Fragility (Vampire Queen #2)
di Rebecca Maizel

Editore: Sperling & Kupfer
Prezzo: 17,90 €
Pagine: 384

Voto: 3/5

Trama: Lenah ritorna al campus di Wickham. È sopravvissuta al rituale con cui ha ridato la mortalità al suo amico Vicken e vuole ricominciare da capo, dimenticare il passato e riprendere in mano la sua vita di adolescente con il fidanzato Justin. Per cinquecento anni è stata la Regina della Confraternita dei vampiri di Hathersage, adesso è il momento di affacciarsi a un nuovo mondo. Ma al campus la aspettano due presenze inattese: una vampira spietata pronta a tutto pur di scoprire il segreto del rituale, e Rhode. Il grande amore di Lenah è ancora vivo, «umano» proprio come lei.


Duologia che iniziai nel lontano 2012 e poi misi in stand-bye in attesa dell'uscita, e poi in attesa di trovarlo a un prezzo minore, ed ora eccomi qui dopo aver riletto Eternity e continuato con Fragility e che dire.. mi sono piaciuti, e mi sono stupita nel leggere la mia vecchia recensione in cui invece Eternity non mi era piaciuto T.T

La duologia in generale è piacevolissima da leggere: scorrevole, leggera, con un pizzico di magia e di romanticismo e un triangolo amoroso che non è poi tanto complicato perchè l'amore di Lenah è palese e costante verso il sua 'Anam Cara' per usare il termine del libro che sta ad indicare le anime gemelle.
 
Comincio con Fragility perché vi lascio la recensione dove c'è la trama di Eternity al link QUI... Fragility che ha un finale che mi ha lasciato per metà con la tristezza ma da un lato soddisfatta perché anche se triste e in qualche modo giusto per la storia, ma sopratutto non mi aspettavo un particolare, che a pensarci ora ancora mi lascia un po' così.

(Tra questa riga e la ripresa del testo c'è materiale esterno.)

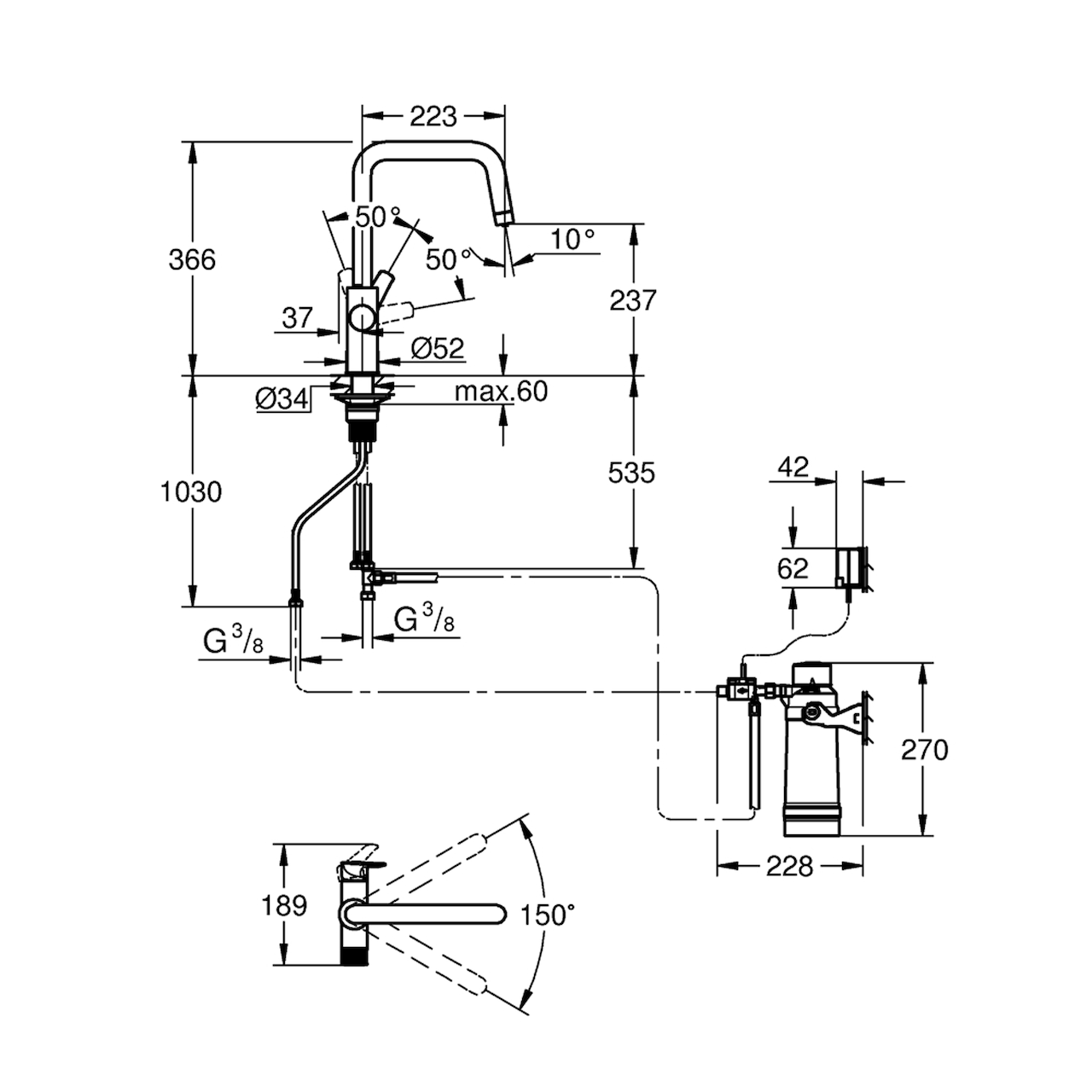 Grohe Blue Pure Start kjøkkenarmatur med vannfilter som filtrerer mikroplast fra drikkevannet, samt reduserer stoffer som er ansvarlig for smak og lukt. Den har separat hendel for filtrert vann, og svingbar rørtut.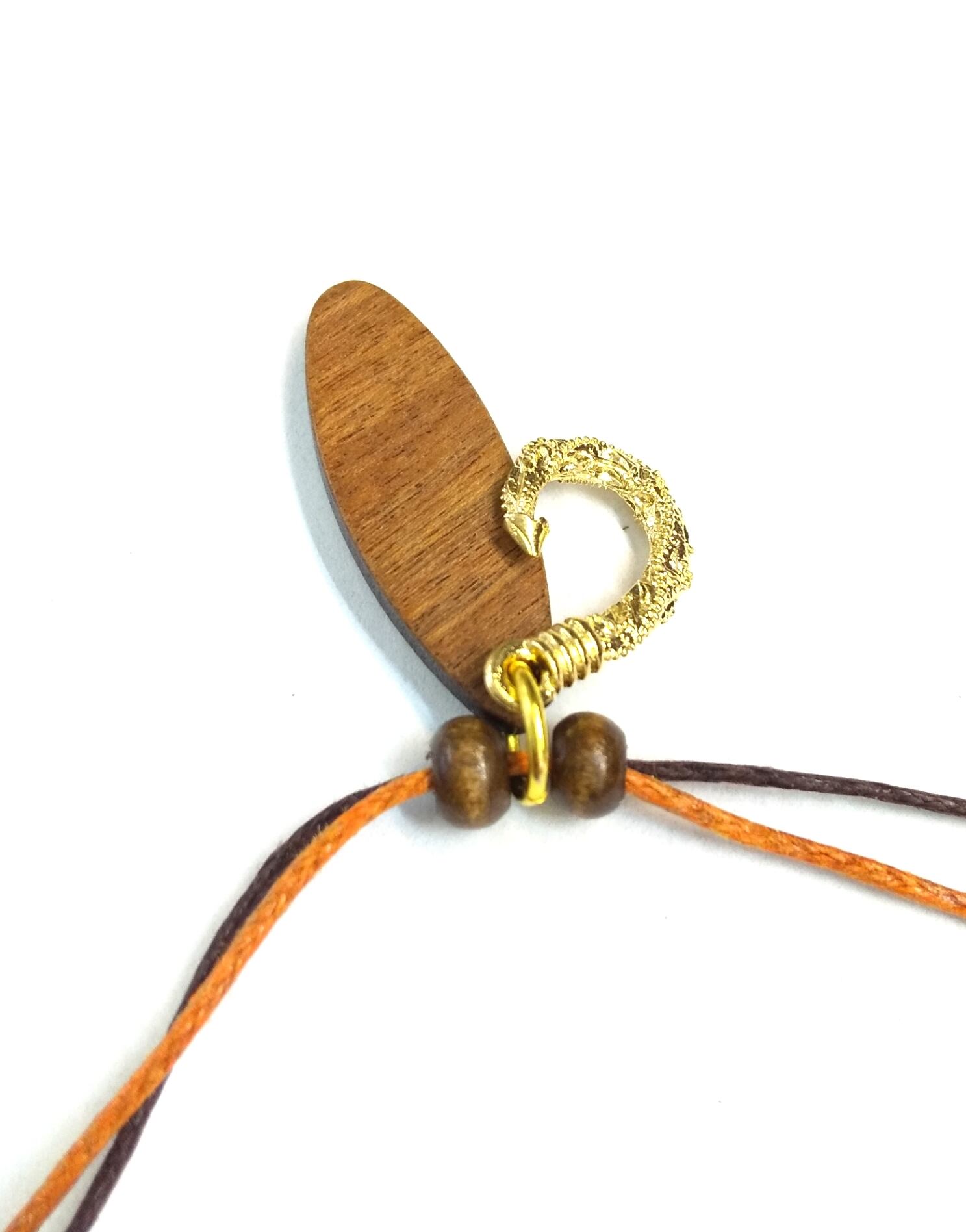 ハワイアンネックレス ゴールドカラー フィッシュフック &ウッドボード F-104

In Fragility ritroviamo Lenah alle prese con la sua nuova mortalità, i problemi adolescenziali che ne conseguono, l'avevamo lasciata che aveva compiuto il rituale di trasformazione per Vicken e inaspettatamente non è morta, ma lo è solo la sua parte vampiresca tornando a essere umana. 
Sinceramente?? Il primo mi è piaciuto di più. Avete fatto caso la recensione del primo non era poi così soddisfatta nel senso che mi era piaciucchiato ma ma nulla di più, invece, rileggendolo ora l'ho rivalutato moltissimo anzi devo dire che tutto ciò che avevo scritto nella prima recensione, quella del 2012, non c'entra nulla con quello che è il mio pensiero di ora, che è assolutamente positivo. Mi è piaciuto di meno Fragility,la parte d'azione l'ho trovata molto debole, alcune scelte di Lenah non le ho condivise nè capite, smi aspettavo più grinta da lei e Vicken, da ex vampiri ci si aspetta più aggressività data dal loro passato sanguinario, che fossero più scaltri con più esperienza con gli altri vampiri invece sembrano alle prime armi, non sanno come affrontarne uno, cadono dalle nuvole come se non fossero stati i vampiri più forti in circolazione fino a quel momento.. una parte insomma, che non gli si addice per quello che è stato secondo la scrittrice il loro passato il loro modo di vivere fino a quel momento... oltre il fatto che Vicken è stata la delusione più grande perché quando era un vampiro veniva rappresentato come un uomo forte, possente, intelligente, autoritario, aggressivo, spietato.. diventa umano è si trasforma in uno sbruffone, rammollito, anche se a differenza di Lenah ci prova a combattere contri i vampiri nonostante non abbia più la sua vecchai forza, mentre Rhode è rimasto sempre sé stesso prima e dopo e secondo me è anche quello che da una parte è più coerente con se stesso, anche se poteva essere più approfondito, visto che è quasi uno dei principali!

Tirando le somme la duologia non è malvagia, certo poteva essere fatta meglio però dai non mi è dispiaciuto leggerli e non mi sento di sconsigliarveli in toto, di certo non sarà un capolavoro, c'è certamente di meglio in giro però come letture leggere e spensierate ci stanno.